Ian Subiabre y Tobías Andrada: el futuro desde la liga local
No todo el talento sale hacia Europa de inmediato. En la liga argentina, dos nombres sobresalen en la generación nacida en 2007-2008 y que ya están siendo convocados a la Selección Sub-20.
Ian Subiabre, extremo zurdo de 18 años de River Plate, fue citado por el técnico Diego Placente para la Sub-20 en marzo de 2026. Veloz, con buen regate y capacidad de definición, Subiabre ya suma minutos en el primer equipo riverplatense y es una de las apuestas más fuertes de la cantera de Núñez para los próximos años.
Tobías Andrada, de Vélez Sarsfield, también integra esa convocatoria de la Sub-20 y fue uno de los revelados del Torneo Apertura 2025, donde demostró inteligencia táctica y movilidad dentro del área que lo hacen destacar en su posición. A sus 18 años, combina técnica individual con trabajo colectivo, características muy valoradas por las selecciones juveniles argentinas.
Giuliano Simeone: el heredero del carácter
Hijo del Cholo Simeone, Giuliano tiene 23 años y ya es presente, no solo promesa. Dirigido por su padre en el Atlético de Madrid, el extremo argentino es uno de los más evaluados por Scaloni para el Mundial 2026. Su perfil es diferente al de Mastantuono o Echeverri: no es el de un desequilibrador técnico sino el de un jugador de trabajo, sacrificio y aparición oportuna. Ese ADN competitivo —claramente heredado— lo hace muy valioso en un torneo de eliminación directa donde no siempre gana el más talentoso, sino el más eficiente.
Maher Carrizo y la cantera del interior
La Argentina no es solo Buenos Aires ni solo River y Boca. Maher Carrizo, delantero de 19 años nacido en Santiago del Estero y formado en las inferiores de Vélez Sarsfield, representa la diversidad geográfica del talento argentino. Sus condiciones físicas y su olfato goleador lo convirtieron en uno de los nombres del ranking de las 10 promesas argentinas 2026. Es el tipo de jugador que todavía no está en el ojo global pero que los scouts de los grandes clubes europeos ya tienen fichado.

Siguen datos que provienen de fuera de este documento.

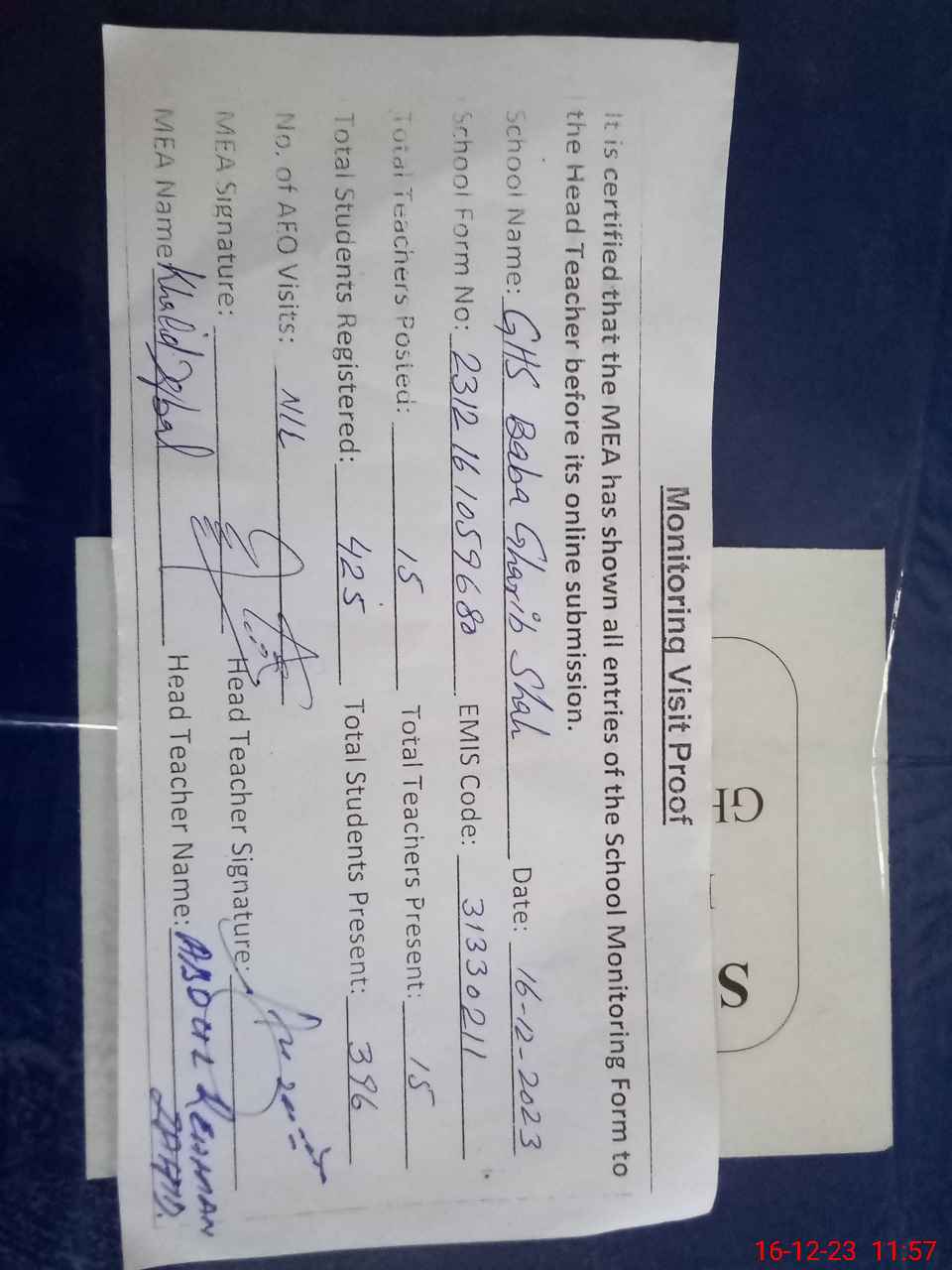 | EMIS Code: 31330211 | Name of School: GHS BABA GHARIB SHAH | |||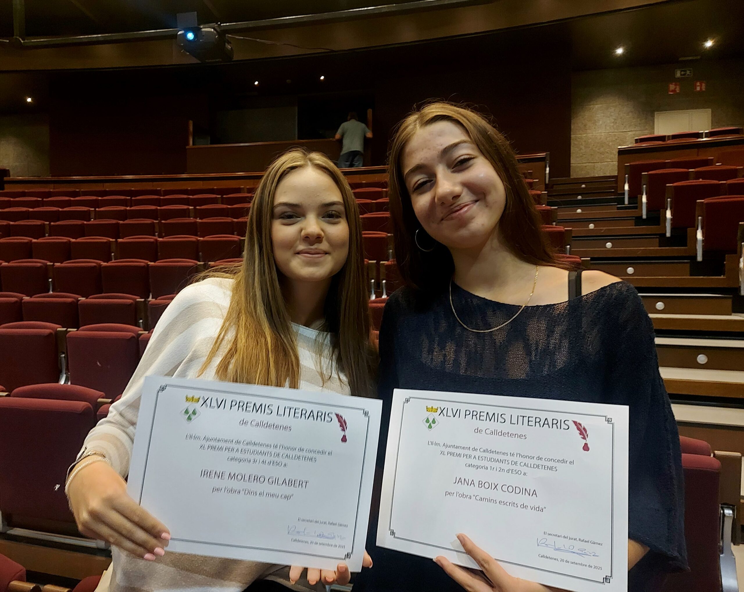 Jana Boix i Irene Molero han estat les guanyadores del XLIV Premis literaris per a estudiants de secundària de Calldetenes, en el marc dels XLVI Premis literaris de Calldetenes.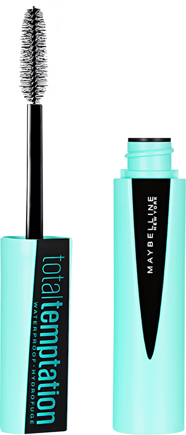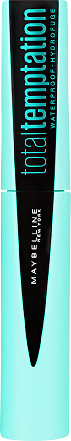Máscara para cílios preta. Maybelline Total Temptation Máscara para Cílios cria volume sem acumular produto enquanto trata os pelos da região. À prova d’água, também oferece cobertura intensa e uniforme.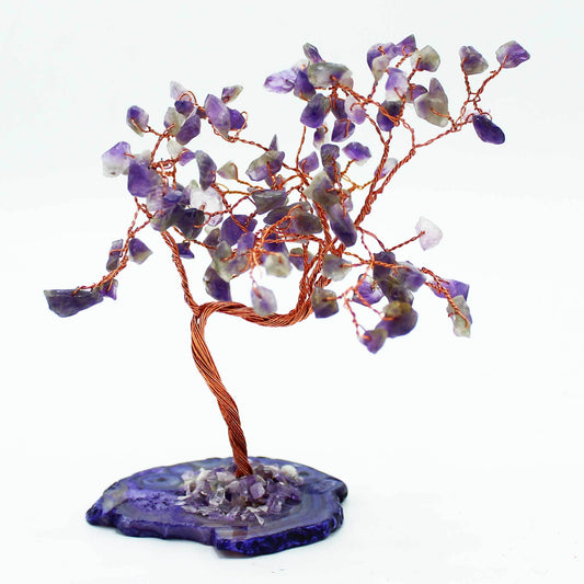 Lrg Gemstone Tree - Amethyst on Natural Agate Base (100 stones)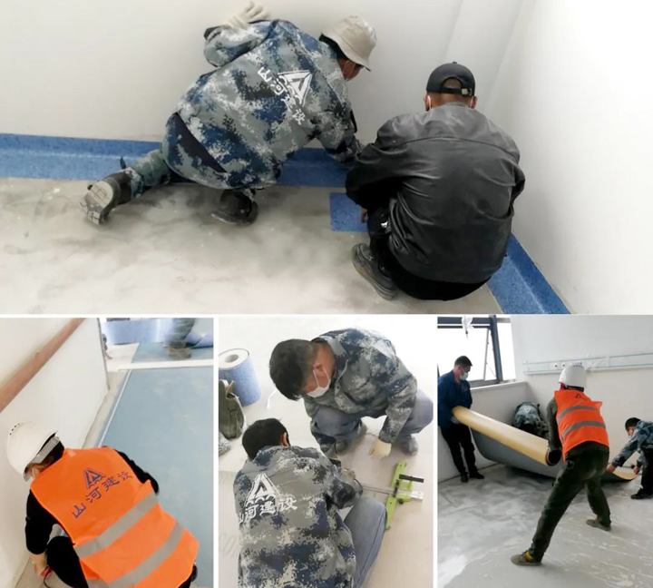 施工現(xiàn)場(chǎng),多類工種各司其職,搶抓建設(shè)。突擊隊(duì)到達(dá)后,承擔(dān)起醫(yī)院住院大樓的部分地面鋪裝任務(wù),需要鋪裝地板膠的面積約3600平方米。分配好工作任務(wù),大家立即投入到緊張的施工中,清潔地面、檢測(cè)地坪、預(yù)鋪裁割、上膠、滾壓,每一道工序都一絲不茍。時(shí)間緊、任務(wù)重,那就加班加點(diǎn),即使再苦再累,也要按照時(shí)間節(jié)點(diǎn)保質(zhì)保量完成施工目標(biāo),這是山河人一貫的作風(fēng)。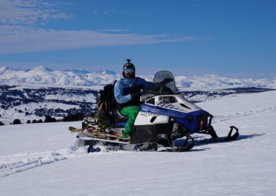 El paseo en moto de nieve atraviesa sendas boscosas y sectores abiertos con bellas vistas panorámicas, en un entorno único y natural.
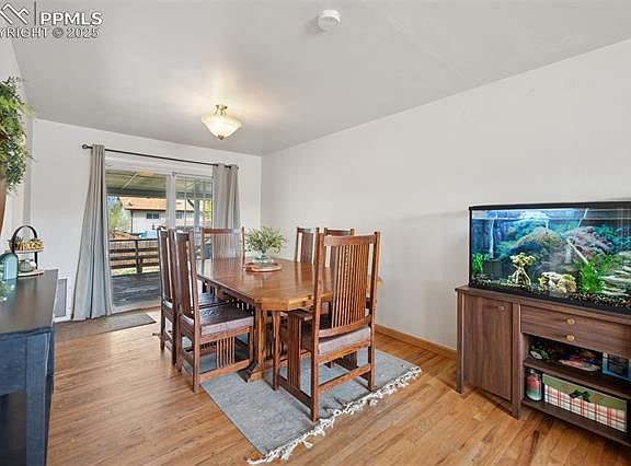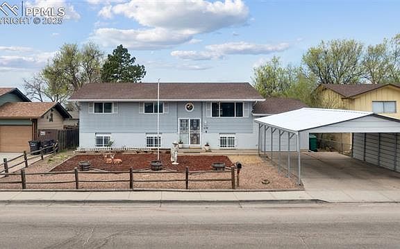 Welcome Home! NO HOA! Charming 5-bedroom, 3-bathroom home offering 2,167 sq. ft. of comfortable living space, ready to impress! Features include hardwood floors, newer kitchen appliances, and carpet on the lower level. Enjoy a large, fully fenced backyard with mountain views, perfect for entertaining or relaxing, with a fenced-off garden area. The shed located in the backyard even has electricity. Includes a one-car attached garage and a two-car carport. The garage door was recently serviced with a 5-year warranty (bracing bar at the top with new cables and bearings). The water heater was replaced last year. Conveniently located near schools, shopping, and parks, Around 5 mins to Fort Carson base, and right down the road the brand new king Soopers is currently being built and will be completed soon! This is the one you’ve been waiting for! Schedule your showing today!

Lo que une a toda esta generación
Más allá de las diferencias de estilo, posición y contexto, todos estos jugadores comparten un denominador común: crecieron viendo ganar a Argentina. Mastantuono tenía 14 años cuando la Selección ganó Qatar 2022. Echeverri tenía 16. Prestianni, 16. Subiabre, 15. Para ellos, la camiseta albiceleste no es sinónimo de frustraciones históricas sino de conquistas recientes. Eso cambia la mentalidad desde adentro.
La AFA y los clubes formadores tienen, por primera vez en décadas, una generación con autoestima colectiva. No necesitan ser “el próximo Messi” porque ya tienen su propia identidad ganadora. El desafío de Scaloni y del sistema en su conjunto es protegerlos de la presión mediática, darles los minutos correctos en los momentos correctos, y dejar que la maduración natural haga su trabajo.
Argentina no está buscando a un sucesor. Está criando a una generación. Y esa generación ya está lista para presentarse al mundo.